WORK TO COMPLETE.
Somewhere below are a line with "BUFFALO ROCK WINERY" and a later line with "Figure 2: Bark". Output exactly those lines and all lines between them.

SOURCE DATA.
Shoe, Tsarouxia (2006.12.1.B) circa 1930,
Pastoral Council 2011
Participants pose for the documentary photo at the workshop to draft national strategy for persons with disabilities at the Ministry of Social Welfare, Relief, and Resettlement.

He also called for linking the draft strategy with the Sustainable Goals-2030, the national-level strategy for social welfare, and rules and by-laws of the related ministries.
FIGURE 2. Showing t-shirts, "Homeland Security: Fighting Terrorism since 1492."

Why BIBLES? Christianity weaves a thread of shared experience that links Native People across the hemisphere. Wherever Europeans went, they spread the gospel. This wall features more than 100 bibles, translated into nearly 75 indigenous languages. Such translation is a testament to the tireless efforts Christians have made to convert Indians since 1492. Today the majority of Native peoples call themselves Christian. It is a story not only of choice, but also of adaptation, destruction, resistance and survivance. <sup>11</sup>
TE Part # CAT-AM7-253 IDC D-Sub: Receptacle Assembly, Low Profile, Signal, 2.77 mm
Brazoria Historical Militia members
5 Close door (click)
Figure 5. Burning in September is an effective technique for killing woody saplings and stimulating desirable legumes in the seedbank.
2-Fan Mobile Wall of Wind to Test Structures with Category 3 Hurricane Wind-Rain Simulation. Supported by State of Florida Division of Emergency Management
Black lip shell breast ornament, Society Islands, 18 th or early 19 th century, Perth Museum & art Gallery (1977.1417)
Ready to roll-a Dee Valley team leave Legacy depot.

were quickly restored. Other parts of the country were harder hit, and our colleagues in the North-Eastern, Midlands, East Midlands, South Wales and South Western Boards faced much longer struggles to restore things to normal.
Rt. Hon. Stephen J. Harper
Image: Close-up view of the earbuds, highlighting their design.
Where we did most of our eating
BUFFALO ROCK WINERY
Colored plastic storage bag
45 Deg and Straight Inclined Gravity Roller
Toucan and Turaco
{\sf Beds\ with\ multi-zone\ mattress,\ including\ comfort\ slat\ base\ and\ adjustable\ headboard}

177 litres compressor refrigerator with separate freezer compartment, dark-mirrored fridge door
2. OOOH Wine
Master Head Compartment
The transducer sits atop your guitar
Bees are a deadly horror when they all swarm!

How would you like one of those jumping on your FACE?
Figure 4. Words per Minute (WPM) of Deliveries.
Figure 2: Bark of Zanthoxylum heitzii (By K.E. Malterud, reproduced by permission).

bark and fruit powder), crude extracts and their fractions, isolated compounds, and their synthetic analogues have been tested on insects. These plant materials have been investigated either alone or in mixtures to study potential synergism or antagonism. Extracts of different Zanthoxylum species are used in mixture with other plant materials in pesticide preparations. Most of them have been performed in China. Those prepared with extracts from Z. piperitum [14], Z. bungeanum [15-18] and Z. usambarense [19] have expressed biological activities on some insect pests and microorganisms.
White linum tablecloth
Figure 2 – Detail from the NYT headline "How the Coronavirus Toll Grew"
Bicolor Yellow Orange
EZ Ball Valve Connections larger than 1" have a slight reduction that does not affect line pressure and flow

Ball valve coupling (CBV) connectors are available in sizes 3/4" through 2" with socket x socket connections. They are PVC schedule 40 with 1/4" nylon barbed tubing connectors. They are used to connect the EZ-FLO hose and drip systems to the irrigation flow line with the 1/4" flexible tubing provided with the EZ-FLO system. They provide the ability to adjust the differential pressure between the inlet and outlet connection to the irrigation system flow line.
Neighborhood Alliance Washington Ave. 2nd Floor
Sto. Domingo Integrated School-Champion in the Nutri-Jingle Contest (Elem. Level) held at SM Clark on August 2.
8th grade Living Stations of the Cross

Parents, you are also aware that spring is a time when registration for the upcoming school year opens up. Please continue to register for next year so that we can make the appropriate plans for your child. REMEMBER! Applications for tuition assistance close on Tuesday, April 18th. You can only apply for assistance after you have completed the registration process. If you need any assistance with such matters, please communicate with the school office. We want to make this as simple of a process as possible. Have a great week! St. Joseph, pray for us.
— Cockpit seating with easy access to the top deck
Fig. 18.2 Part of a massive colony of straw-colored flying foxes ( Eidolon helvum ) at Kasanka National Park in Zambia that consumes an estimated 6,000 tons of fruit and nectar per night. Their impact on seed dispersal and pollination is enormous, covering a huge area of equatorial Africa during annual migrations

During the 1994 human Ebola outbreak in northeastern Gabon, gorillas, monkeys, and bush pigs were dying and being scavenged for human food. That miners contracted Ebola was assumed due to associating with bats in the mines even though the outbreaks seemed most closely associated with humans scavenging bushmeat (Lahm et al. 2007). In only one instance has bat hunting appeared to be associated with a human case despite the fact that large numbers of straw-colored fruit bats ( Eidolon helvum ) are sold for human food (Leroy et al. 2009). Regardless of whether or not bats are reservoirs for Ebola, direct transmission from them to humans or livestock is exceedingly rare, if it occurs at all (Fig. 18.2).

FINISHED EXERCISE.
BUFFALO ROCK WINERY
Colored plastic storage bag
45 Deg and Straight Inclined Gravity Roller
Toucan and Turaco
{\sf Beds\ with\ multi-zone\ mattress,\ including\ comfort\ slat\ base\ and\ adjustable\ headboard}

177 litres compressor refrigerator with separate freezer compartment, dark-mirrored fridge door
2. OOOH Wine
Master Head Compartment
The transducer sits atop your guitar
Bees are a deadly horror when they all swarm!

How would you like one of those jumping on your FACE?
Figure 4. Words per Minute (WPM) of Deliveries.
Figure 2: Bark of Zanthoxylum heitzii (By K.E. Malterud, reproduced by permission).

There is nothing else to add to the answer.